Start of GIVEN DATA

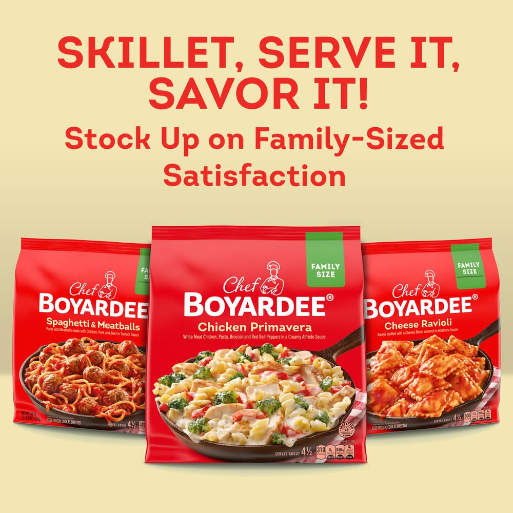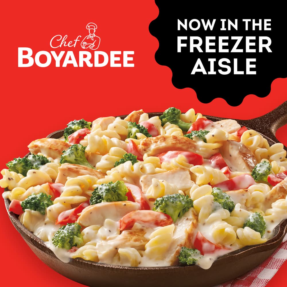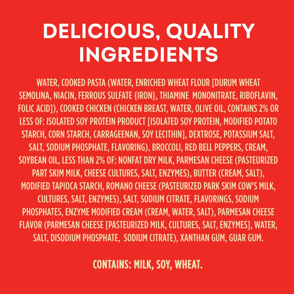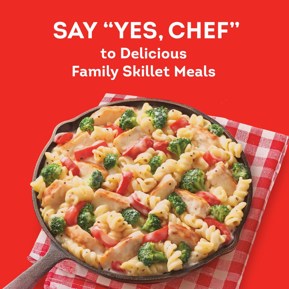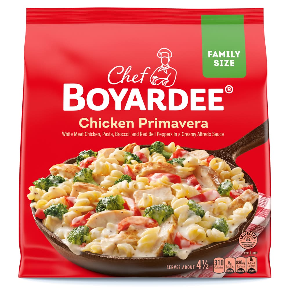Enjoy the perfect Italian-inspired family meal with a Chef Boyardee Chicken Primavera Family Size Skillet Meal. This frozen pasta skillet meal features delicious, hearty ingredients like white meat chicken, pasta, broccoli and red bell peppers in a creamy alfredo sauce. Chef Boyardee's frozen meals are the answer to busy weeks when you don't have time to make dinner from scratch. Instead, provide your family with an effortless frozen skillet meal bursting with home-cooked flavor that is both convenient and a real crowd-pleaser. Just add the chicken, vegetables, pasta and alfredo sauce to a large skillet, cover and stir occasionally for a ready-to-eat meal that takes less than 15 minutes to prepare. Mangia!
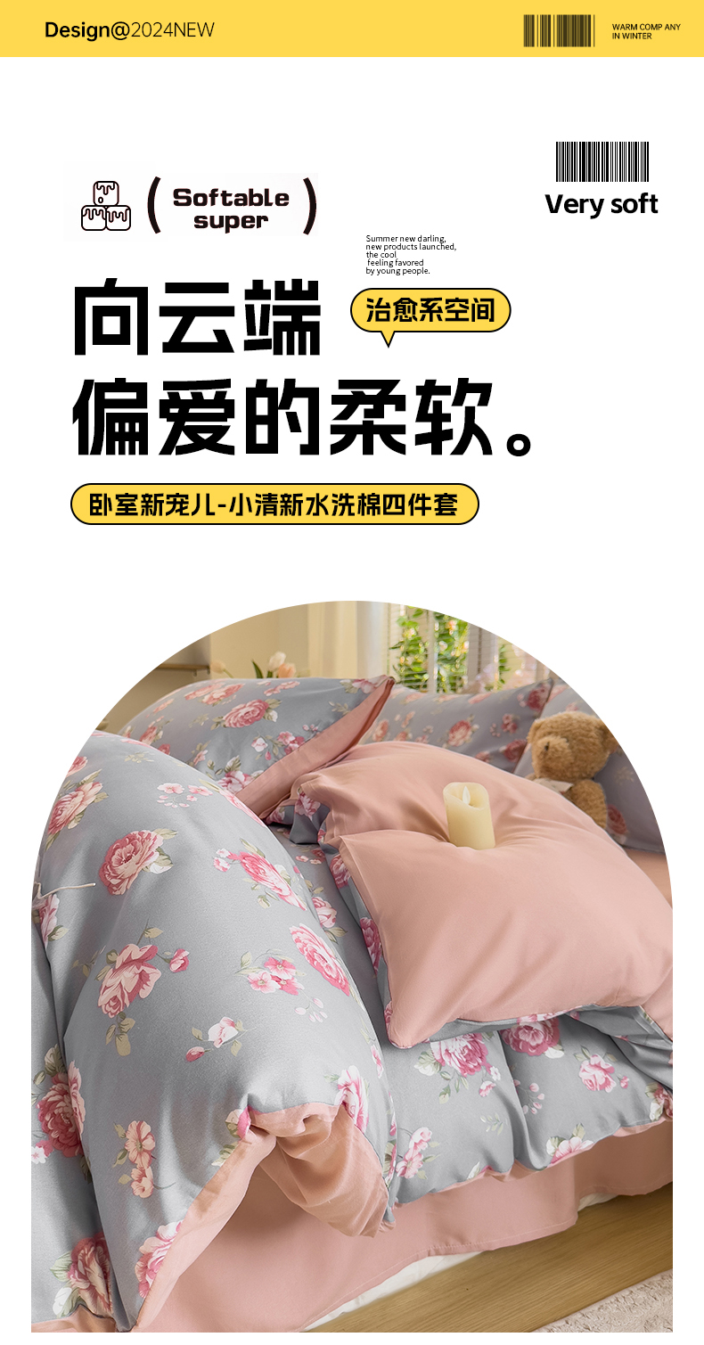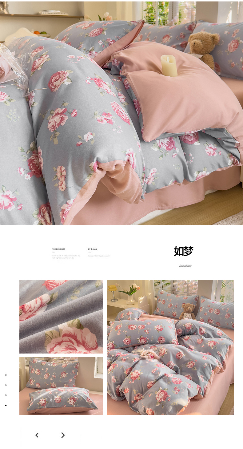 雅阁尔2025新款直播热款水洗棉四件套小碎花床单被套三件套 如梦
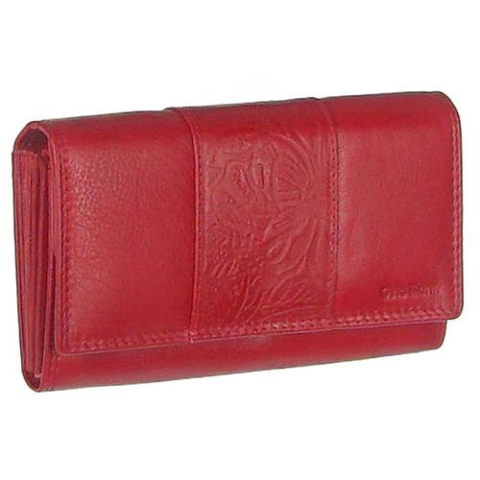 Nyomott mintás betéttel díszített fedeles piros női bőr pénztárca
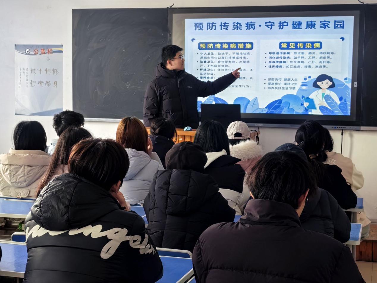 学院以班级为单位开展“健康护航·春季防病”主题班会,聚焦流感、诺如、手足口病、春季过敏等常见病症,通过知识讲解、案例分享帮助学生掌握防护要点,将科学防疫理念根植于心。同时举办春季传染病预防知识竞赛,内容涵盖症状、传播途径、预防方法等,兼具知识性与趣味性,同学们在比拼中巩固所学,营造了“人人学健康、人人懂防护”的良好氛围。在环境整治方面,学院发起校园卫生大扫除与重点区域消杀倡议,组织学生对教室、卫生间、公共活动区域进行全面清洁,清理卫生死角,严格落实“勤通风、勤打扫、勤消毒”要求,从源头切断传染病传播途径。此外,学院还开展主题展板与手抄报创作活动,鼓励学生围绕科学防疫、均衡饮食、规律作息、适度运动、卫生习惯等维度创作宣传作品,优秀作品在学院展出,让防病知识“看得见、记得牢、用得上”。
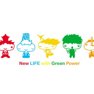 太陽光発電を「赤」、地熱発電を「橙」、風力発電を「黄」、バイオマス発電を「緑」、水力発電を「青」で表現した。
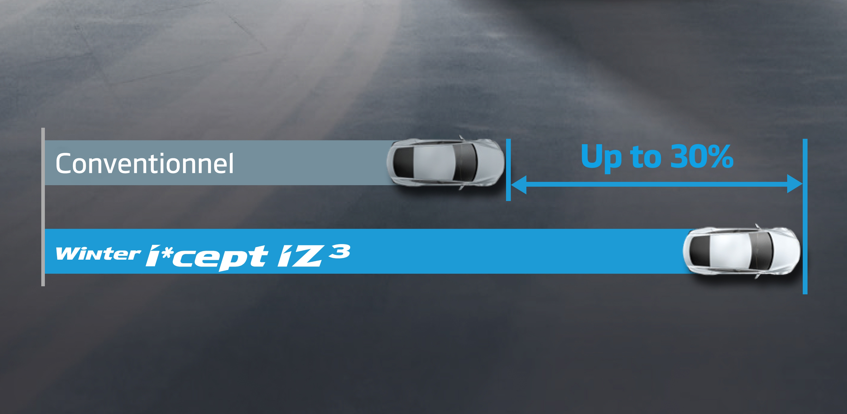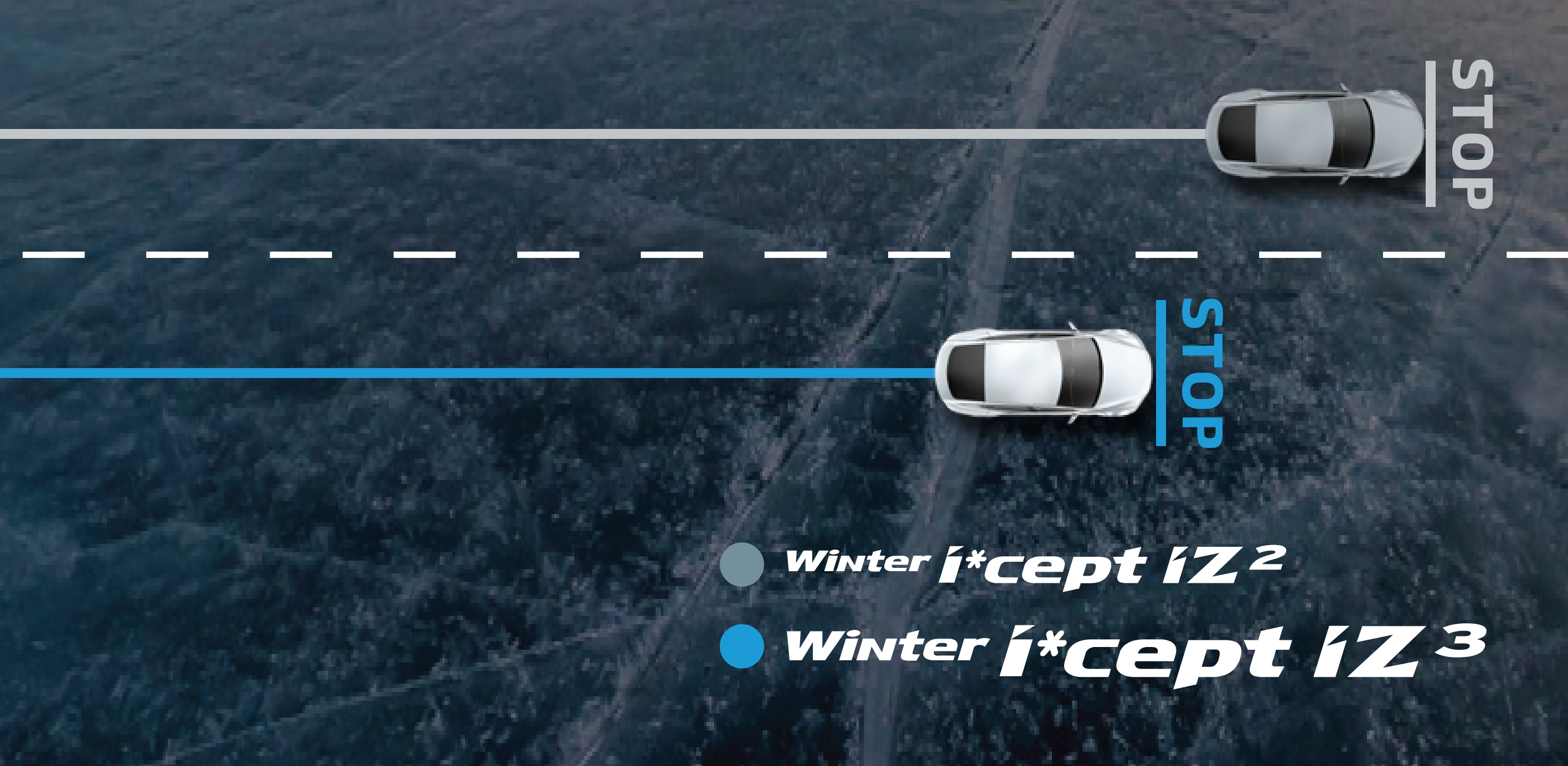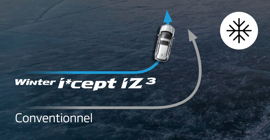Le nouveau composé i*cept et la technologie de motif i*cept assurent un freinage et une accélération exceptionnels sur les routes de glace.

End of GIVEN DATA

**ACTION ITEM**
Repeat every entry above exactly; images stay out of the copy.

**SOLUTION**
Enjoy the perfect Italian-inspired family meal with a Chef Boyardee Chicken Primavera Family Size Skillet Meal. This frozen pasta skillet meal features delicious, hearty ingredients like white meat chicken, pasta, broccoli and red bell peppers in a creamy alfredo sauce. Chef Boyardee's frozen meals are the answer to busy weeks when you don't have time to make dinner from scratch. Instead, provide your family with an effortless frozen skillet meal bursting with home-cooked flavor that is both convenient and a real crowd-pleaser. Just add the chicken, vegetables, pasta and alfredo sauce to a large skillet, cover and stir occasionally for a ready-to-eat meal that takes less than 15 minutes to prepare. Mangia!
 雅阁尔2025新款直播热款水洗棉四件套小碎花床单被套三件套 如梦
 Nyomott mintás betéttel díszített fedeles piros női bőr pénztárca
 学院以班级为单位开展“健康护航·春季防病”主题班会,聚焦流感、诺如、手足口病、春季过敏等常见病症,通过知识讲解、案例分享帮助学生掌握防护要点,将科学防疫理念根植于心。同时举办春季传染病预防知识竞赛,内容涵盖症状、传播途径、预防方法等,兼具知识性与趣味性,同学们在比拼中巩固所学,营造了“人人学健康、人人懂防护”的良好氛围。在环境整治方面,学院发起校园卫生大扫除与重点区域消杀倡议,组织学生对教室、卫生间、公共活动区域进行全面清洁,清理卫生死角,严格落实“勤通风、勤打扫、勤消毒”要求,从源头切断传染病传播途径。此外,学院还开展主题展板与手抄报创作活动,鼓励学生围绕科学防疫、均衡饮食、规律作息、适度运动、卫生习惯等维度创作宣传作品,优秀作品在学院展出,让防病知识“看得见、记得牢、用得上”。
 太陽光発電を「赤」、地熱発電を「橙」、風力発電を「黄」、バイオマス発電を「緑」、水力発電を「青」で表現した。
Le nouveau composé i*cept et la technologie de motif i*cept assurent un freinage et une accélération exceptionnels sur les routes de glace.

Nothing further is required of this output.